Hat jemand Erfahrung damit?
Danke
Uli

eric Offline

Erfahrenes Mitglied

Beiträge: 743

22.01.2017 19:08
#8 RE: Lattengroß Umrüstung Zitat · Antworten

Zitat von Uli im Beitrag #7
...
Ja, über das neue Latten-Großsegel hab ich mir allerhand Gedanken gemacht.
Laminat habe ich wieder verworfen, v.a. wegen dem schwierigeren handling, nicht knicken etc.,



Hallo Uli, einige bei uns haben Laminatsegel als Regattatücher. Die werden gerollt, was aber einfacher geht, als bei allen anderen Tüchern. Daraus ergibt sich auch, dass die als Fock oder Genua zu sehr strapaziert werden und auch das enge Rollen ums Vorstag ist eher Gift für Laminatsegel. Als Gross haben diese Segel aber mit Abstand den besten Stand. Aber auch mit Abstand den höchsten Anschaffungspreis.

Zitat von Uli im Beitrag #7

favorisiere nun ein "Premium"- DACRON, wobei ich auch ein Angebot zu DP-Square-Dacron und Radialschnitt habe, aber ob sich das bei 12 qm wirklich lohnt?
Hat jemand Erfahrung damit?


Ja, lohnt sich.
Habe ich als Regattasegel. Immernoch zu schwierig im Handling für normale Wanderfahrtanwendung, aber sensationeller Stand. Durch die Square-Webung mit den lastaufnehmenden Fäden kann der Segelmacher im Tuchgewicht abrüsten. Aber die Segel als solche sind trotzdem deutlich steifer als normal gewebte Tücher und erfordern daher auch einen entsprechenden Aufwand im Umgang. Als Wandersegel eher ungeeignet.

Bi- oder Triradialschnitt haben natürlich von vornherein ein tolles Profil, da sich ein 3D-Profil aus detaillierteren Bahnen natürlich besser darstellen lässt, als aus den heute üblichen, relativ breiten Bahnen des Linearsegels. Die Nähte liegen beim Radialsegel deutlicher in den Hauptlastrichtungen und übernehmen dadurch auch mehr Last in der richtigen Richtung, während beim Linearsegel das ganze Tuch diese Last aufnehmen muss.
Ein Linearschnitt wird also bei hoher Belastung eher ausrecken.
Aber der höhere Aufwand im Radialsegel treibt auch den Preis.

Kommt jedoch ein Radialschnitt in die Jahre, lässt er sich praktisch nicht mehr reparieren.
Bei einem Linearschnitt kann der Segelmacher nochmal ran und ausgereckte Bahnen einkürzen.

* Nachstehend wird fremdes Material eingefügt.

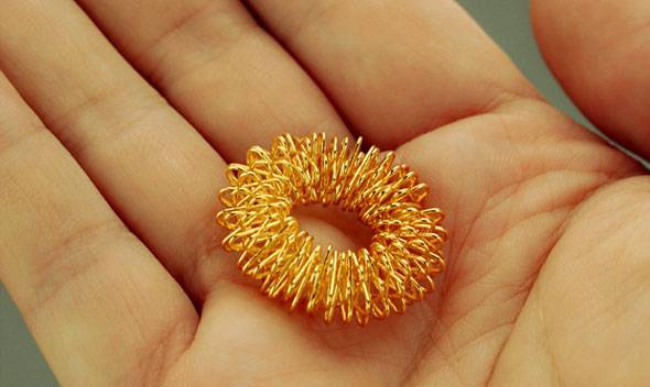 Если хотите, можете себе упростить задачу и купить специальное кольцо. Оно надевается как обычное украшение благодаря эластичной структуре пружинок. С помощью такого колечка можно делать эффективный точечный массаж, перекатывая вверх/вниз и воздействуя на нервные окончания.
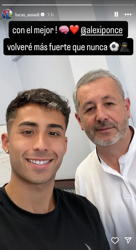 “Con el mejor… volveré más fuerte que nunca”, publicó Assadi en una historia en Instagram junto al profesional con quien ya comenzó su terapia para volver tras la lesión y un posible castigo.
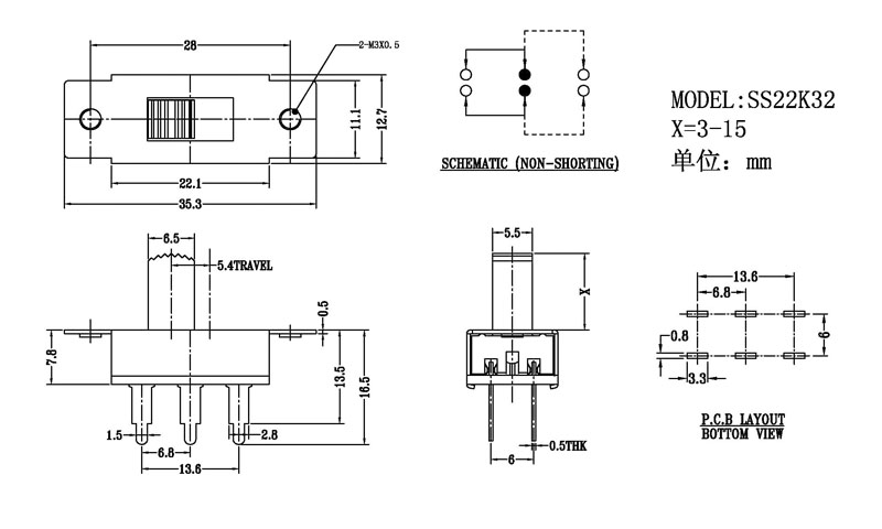微型撥動(dòng)開關(guān)技術(shù)參數(shù):
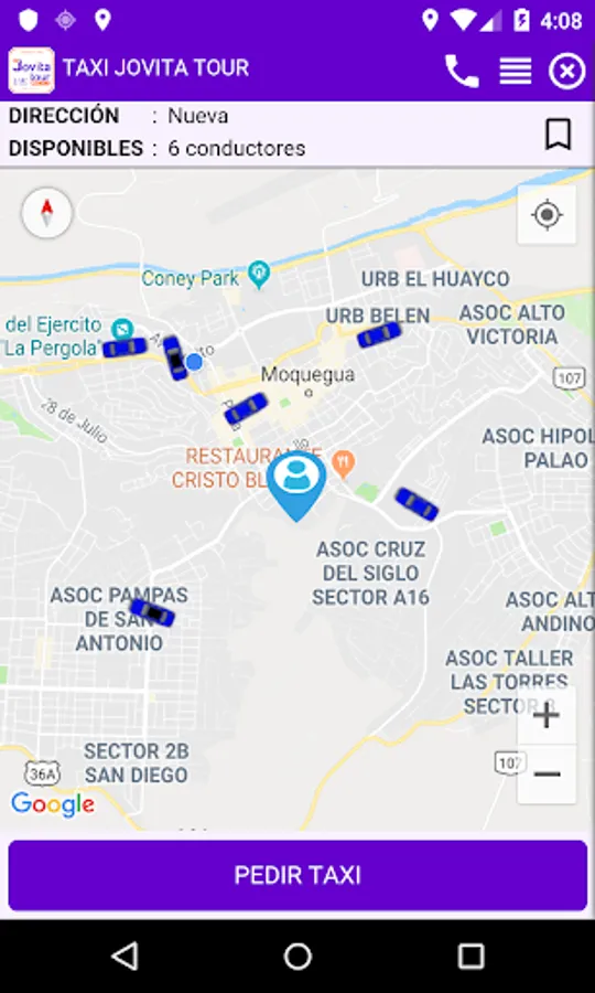 3.- While waiting for the taxi, you can visualize the movement of the vehicle.
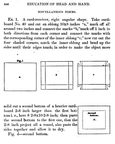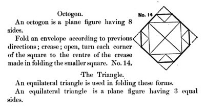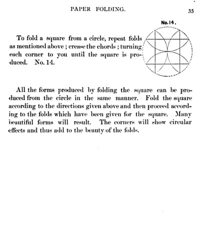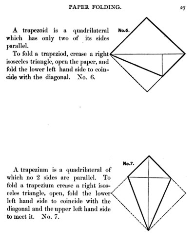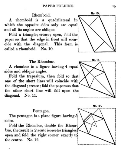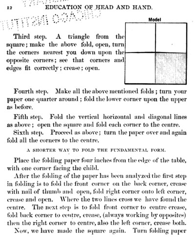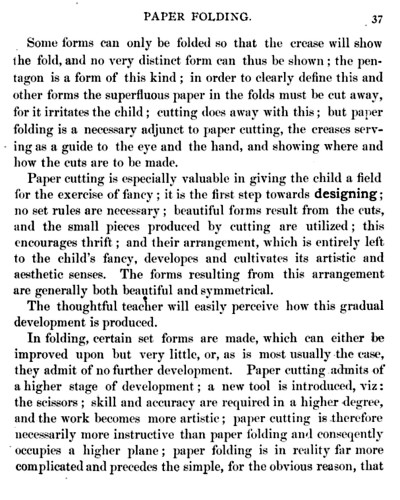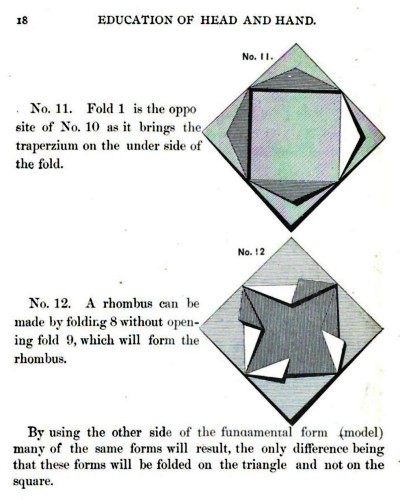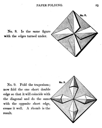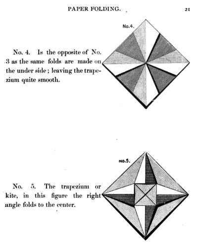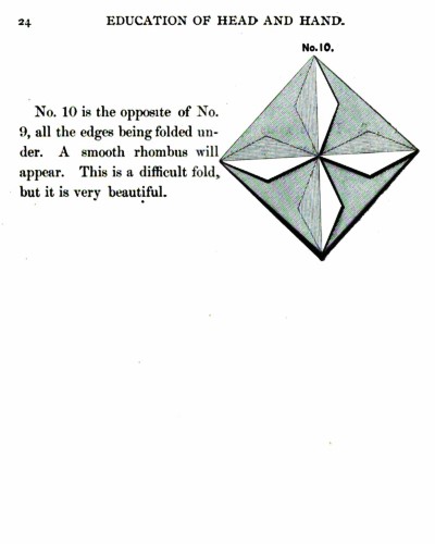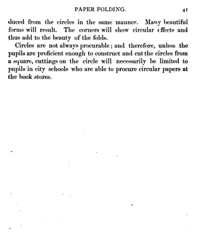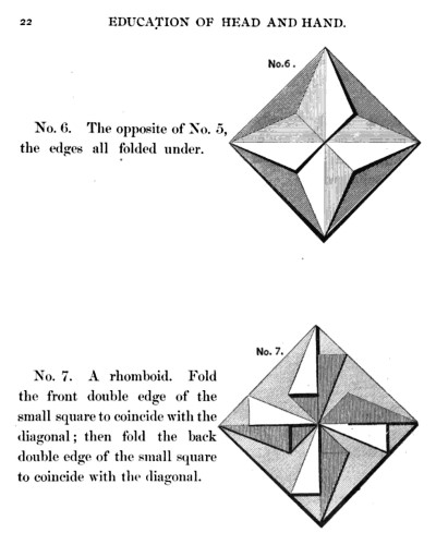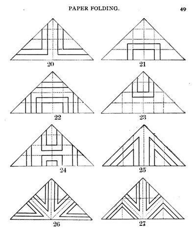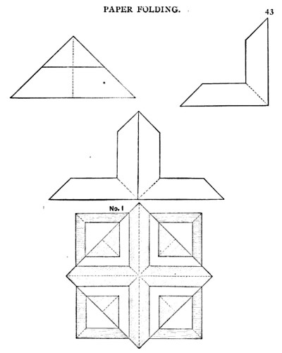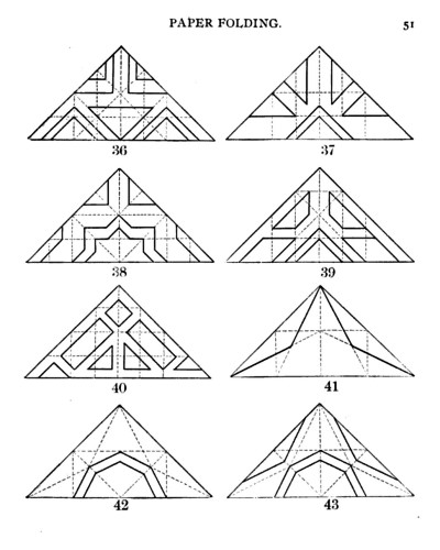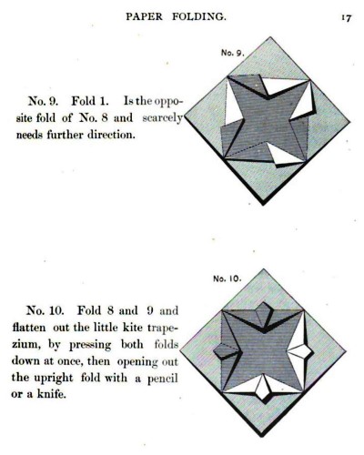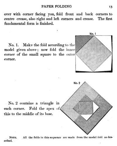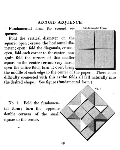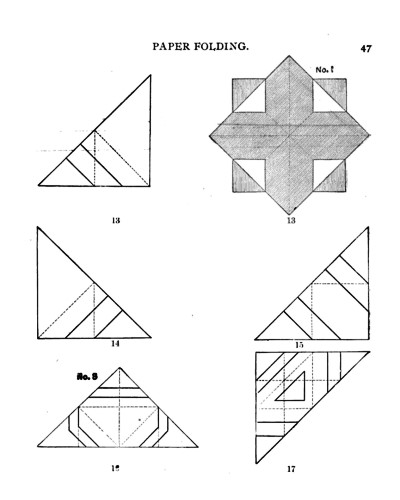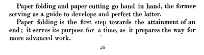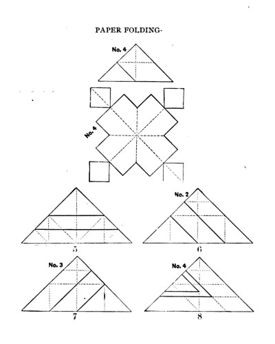 Not all the leaflets include paperfolding material. A full copy of the work can be accessed here. Parts of the work were later republished in various forms including as 'How to Cut and Fold Paper' (in 1922) and 'Bamberger's Manual of Paper Folding, Clay Modelling and Cardboard Work'. ********** The aujthor sees paperfolding as a step on the way to papercutting rather than a valuable activity in its own right:

Regattasegel werden immer einen höherwertigen Schnitt haben, das edlere Tuch, raffiniertere Trimmmöglichkeiten, ausgefeilte Lattensysteme und sind in jedem Fall Massanferigungen. Auch das katapultiert den Preis nach oben.

Es gibt noch einen Kompromiss, den bietet auch die FSA an. Dabei haben sie sich Gedanken gemacht über Regattasegel für die Jantar 21 als Serienboot und ein hochwertiges Racing-Set entworfen zu einem interessanten Preis und mit sehr ansprechender Optik. Durchaus einen Blick wert.
http://www.segelsport-fsa.de/index.cfm/n...gel/id/267.html

Wandersegel wird man eher auf Haltbarkeit und gutes Handling auslegen, solide Reffmöglichkeit und ein breites Anwendungsfeld von bft 2 bis Starkwind.
So ein Wandersegel kannst du also durchaus von der Stange kaufen oder gebraucht, oder Lagerware von größeren Segelmachern.